Have a discussion about the environmental injustice experienced by different groups:
- Blight and pollution are more common in urban settings.
- Industrial waste and other pollutants are at the highest levels in low-income areas.
- Large landfills and toxic waste disposal are often located in poor areas, where local people may not know or lack the power to stop them.
- Rates of numerous illnesses, including asthma and cancer, are known to be significantly higher in urban areas.
- Negative environmental conditions can significantly shorten a person’s life expectancy.
- Black Americans are more likely to be exposed to hazardous environmental conditions than whites and have a shorter average life expectancy by about 6 years.
- Migrant farm workers—who are frequently exposed to herbicides, pesticides, and other toxins—have a life expectancy of only 49 years.
Have the students recall some natural resources in their neighborhoods: parks, playgrounds, gardens, and waterways.

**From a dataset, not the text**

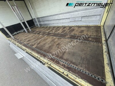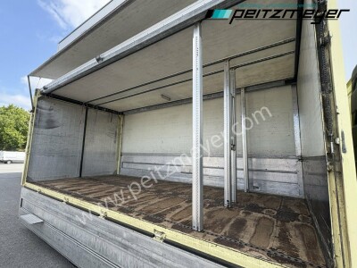 Aufbautyp: Ewers Getränke Schwenkwandaufbau L x B x H 5.220 x 2.490 x 2.070 mm, Heckportaltüren, 4 reihige Ladungssicherung, AHK Kugelkopf (3.500 kg) + Maulkupplung mit 40 mm Zugöse (11.250 kg), Hinterachse luftgefedert, Klima, 3 Sitzer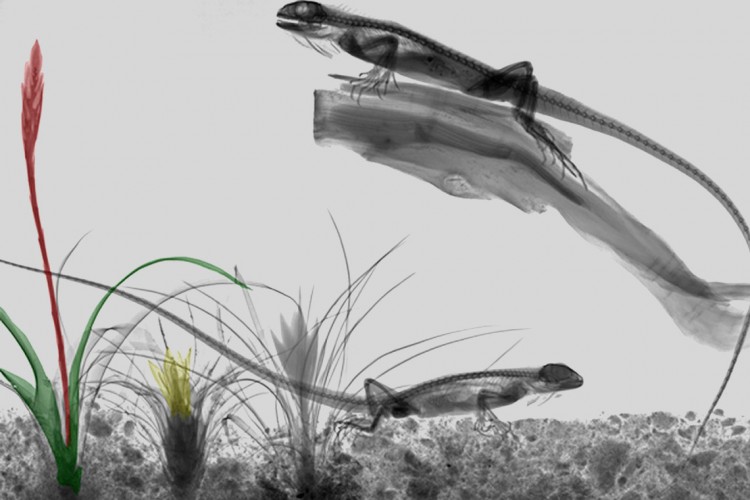 Many artists attempt to put nature under a microscope, but few actually X-ray it. Dutch artist and physicist Arie van’t Riet creates “Bioramas” of natural scenes of insects and animals, then digitizes and colors the black and white results in Photoshop. Most of his subjects are dead when he X-rays them, so he doesn’t expose them to radiation and he has the freedom to create the exact scene for the story he wants to tell.

Prepare for an optional field trip to a park, botanical garden or other natural area where students can observe the benefits of natural resources,
- See Handout 2 for an example trip to the New York Botanical Garden in the Bronx. www.nybg.org/about/
- Prepare for the trip with the necessary permissions and chaperones, and remind students to dress comfortably and follow the park rules.
After the field trip, discuss the comparison of resources in the two areas. Are there benefits to both types of environment? Discuss the injustices observed.
Students may choose a local park or playground and sponsor a clean-up effort. They choose a day and time for picking up trash, clearing weeds, removing or painting over graffiti, and planting flowers. Students make and distribute fliers informing local residents of the planned day and time of the cleanup. They write and submit a press release to a local newspaper about the event. Students should contact in advance the local public works department to arrange for removal of the debris. Be sure to document areas that need to be cleaned and include the information in your outreach. Students choose a local public area that needs some attention. This may be a vacant lot or overgrown playground. Students take a picture of the rundown area or create a sketch or Google Maps image. Then they draw and label a vision of how they would like it to look without pollution or blight. They can be creative and design the space to be more usable and attractive. Look up areas in your state that have been identified as needing cleanup: https://www.epa.gov/brownfields Option One: Students may use these images to ask for donations and help from neighborsor funding from an environmental clean-up organizaiton, public service agency, or local business. Option Two: Students may initiate a smaller-scale cleanup, They may ask for help from friends and neighbors to pick up trash, clear weeds, cover graffiti, and plant flowers. They may request help from the city to remove the garbage they pick up or provide the flowers.
Strand PHIL.II Philanthropy and Civil Society
Standard PCS 05. Philanthropy and Government
Benchmark HS.4 Identify and discuss civil society sector organizations working to protect individual rights, equity, and justice.
Standard PCS 07. Skills of Civic Engagement
Benchmark HS.1 Utilize the persuasive power of written or oral communication as an instrument of change in the community, nation or the world.
Strand PHIL.IV Volunteering and Service
Standard VS 01. Needs Assessment
Benchmark HS.1 Identify a need in the school, local community, state, nation, or world.
Standard VS 02. Service and Learning
Benchmark HS.1 Select a service project based on interests, abilities, and research.